§ **Exercise instructions**
Please keep pictures out and return the lines below exactly, from the one holding "идеальное решение для" through the last, both included.

§ **Data provided**
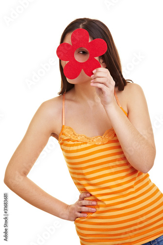 Frau schaut durch Filzblume
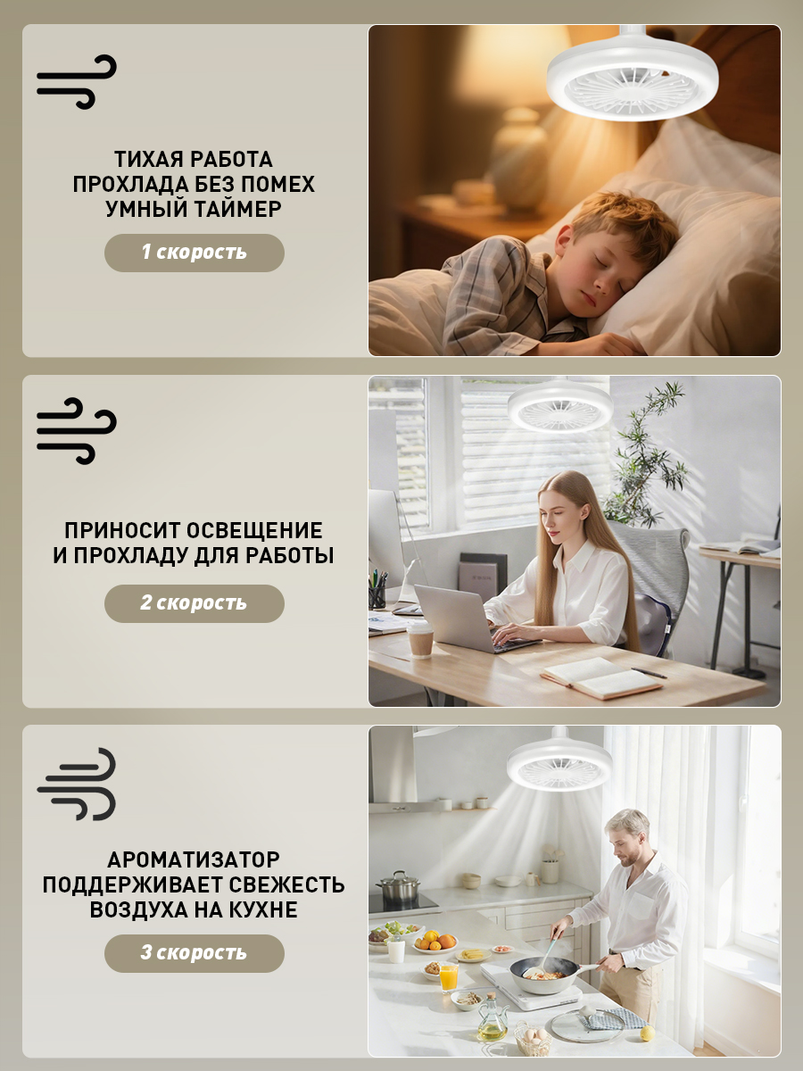 Уникальная люстра-вентилятор «Балтийский Светлячок» — идеальное решение для вашей кухни! Это устройство 2-в-1 сочетает в себе мощный потолочный вентилятор для эффективного охлаждения и современную светодиодную люстру для яркого равномерного освещения. Управляйте скоростью вращения и интенсивностью света с удобного ПУЛЬТА ДИСТАНЦИОННОГО УПРАВЛЕНИЯ, создавая идеальный микроклимат в любую погоду. Забудьте о духоте и плохом освещении — наслаждайтесь комфортом с «Балтийским Светлячком»!
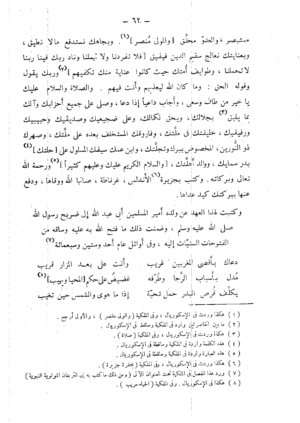 مستبصر، والعدو محلق [وَالْمولى منصر] . وبجاهك نستدفع مَا لَا نطيق، وبعنايتك نعالج سقيم الدّين فيفيق [فَلَا تفردنا وَلَا تهملنا وناد رَبك فِينَا رَبنَا لَا تحملنا، وطوايف أمتك حَيْثُ كَانُوا عناية مِنْك تكفيهم] وَرَبك يَقُول وَقَوله الْحق: وَمَا كَانَ الله ليعذبهم وَأَنت فيهم. وَالصَّلَاة وَالسَّلَام عَلَيْك يَا خير من طَاف وسعى، وَأجَاب دَاعيا إِذا دَعَا، وَصلى على جَمِيع آحزابك وآلك بِمَا يَلِيق بجلالك ويحق لكمالك، وعَلى ضجيعيك وصديقيك وحبيبيك ورفيقيك، خلفيتك فِي ملتك، وفاروقك الْمُسْتَخْلف بعده على ملتك، وصهرك ذُو النورين، الْمَخْصُوص ببرك وتجلتك، وَابْن عمك سَيْفك المسلول على [حلتك] بدر سمايك، ووالد أهلتك، [وَالسَّلَام الْكَرِيم عَلَيْك وَعَلَيْهِم كثيرا] وَرَحْمَة الله تَعَالَى وَبَرَكَاته. وَكتب بِجَزِيرَة الأندلس، غرناطة، صانها الله ووقاها، وَدفع عَنْهَا ببركتك كيد عَداهَا.
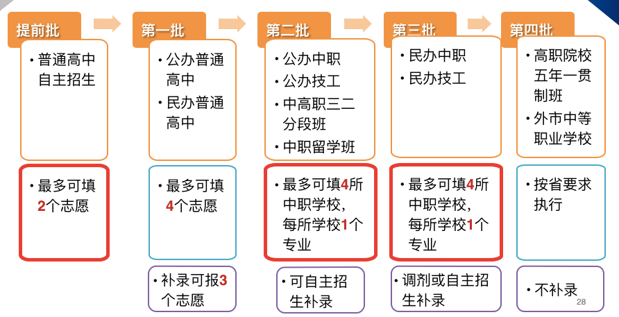 各类学校的志愿批次分为五批,考生应按批次顺序填报志愿。
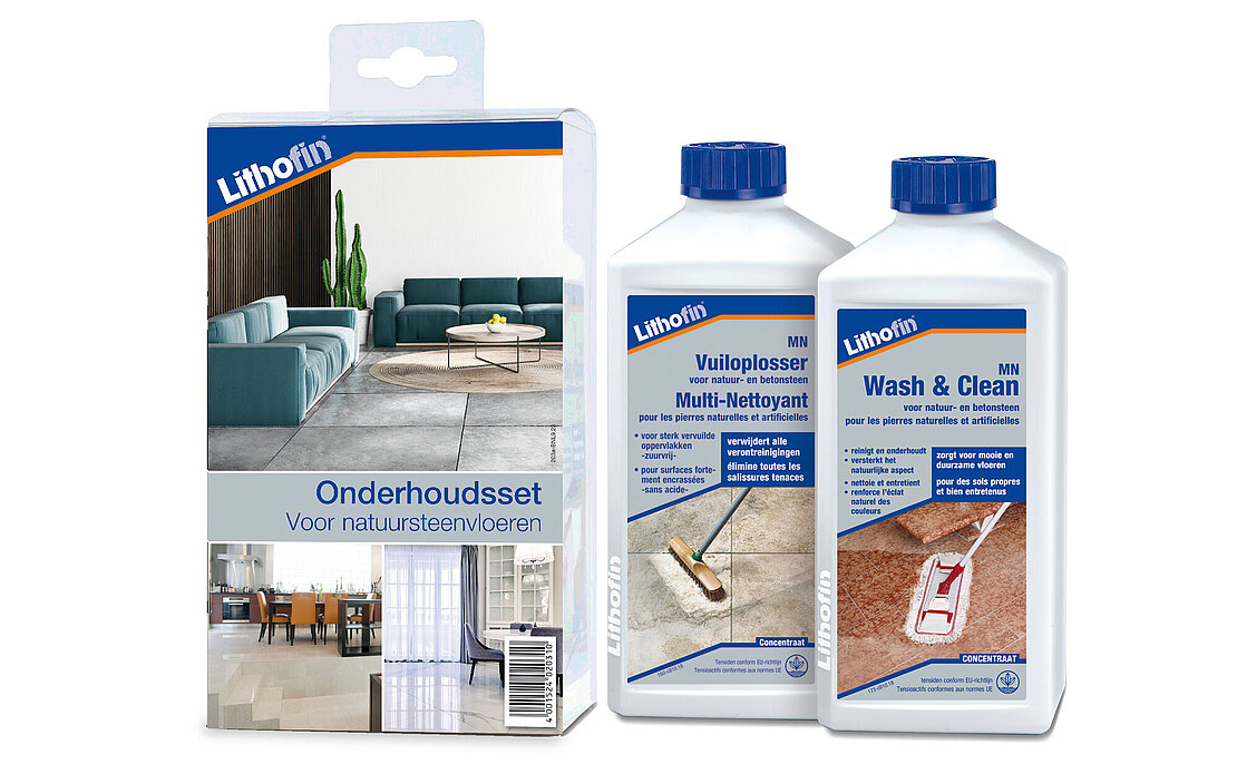 Lithofin onderhoudssets bevatten producten die zijn afgestemd op het toepassingsgebied, zoals keukenwerkbladen, badkamers of vloerbedekking.

§ **Expected answer**
 Уникальная люстра-вентилятор «Балтийский Светлячок» — идеальное решение для вашей кухни! Это устройство 2-в-1 сочетает в себе мощный потолочный вентилятор для эффективного охлаждения и современную светодиодную люстру для яркого равномерного освещения. Управляйте скоростью вращения и интенсивностью света с удобного ПУЛЬТА ДИСТАНЦИОННОГО УПРАВЛЕНИЯ, создавая идеальный микроклимат в любую погоду. Забудьте о духоте и плохом освещении — наслаждайтесь комфортом с «Балтийским Светлячком»!
 مستبصر، والعدو محلق [وَالْمولى منصر] . وبجاهك نستدفع مَا لَا نطيق، وبعنايتك نعالج سقيم الدّين فيفيق [فَلَا تفردنا وَلَا تهملنا وناد رَبك فِينَا رَبنَا لَا تحملنا، وطوايف أمتك حَيْثُ كَانُوا عناية مِنْك تكفيهم] وَرَبك يَقُول وَقَوله الْحق: وَمَا كَانَ الله ليعذبهم وَأَنت فيهم. وَالصَّلَاة وَالسَّلَام عَلَيْك يَا خير من طَاف وسعى، وَأجَاب دَاعيا إِذا دَعَا، وَصلى على جَمِيع آحزابك وآلك بِمَا يَلِيق بجلالك ويحق لكمالك، وعَلى ضجيعيك وصديقيك وحبيبيك ورفيقيك، خلفيتك فِي ملتك، وفاروقك الْمُسْتَخْلف بعده على ملتك، وصهرك ذُو النورين، الْمَخْصُوص ببرك وتجلتك، وَابْن عمك سَيْفك المسلول على [حلتك] بدر سمايك، ووالد أهلتك، [وَالسَّلَام الْكَرِيم عَلَيْك وَعَلَيْهِم كثيرا] وَرَحْمَة الله تَعَالَى وَبَرَكَاته. وَكتب بِجَزِيرَة الأندلس، غرناطة، صانها الله ووقاها، وَدفع عَنْهَا ببركتك كيد عَداهَا.
 各类学校的志愿批次分为五批,考生应按批次顺序填报志愿。
 Lithofin onderhoudssets bevatten producten die zijn afgestemd op het toepassingsgebied, zoals keukenwerkbladen, badkamers of vloerbedekking.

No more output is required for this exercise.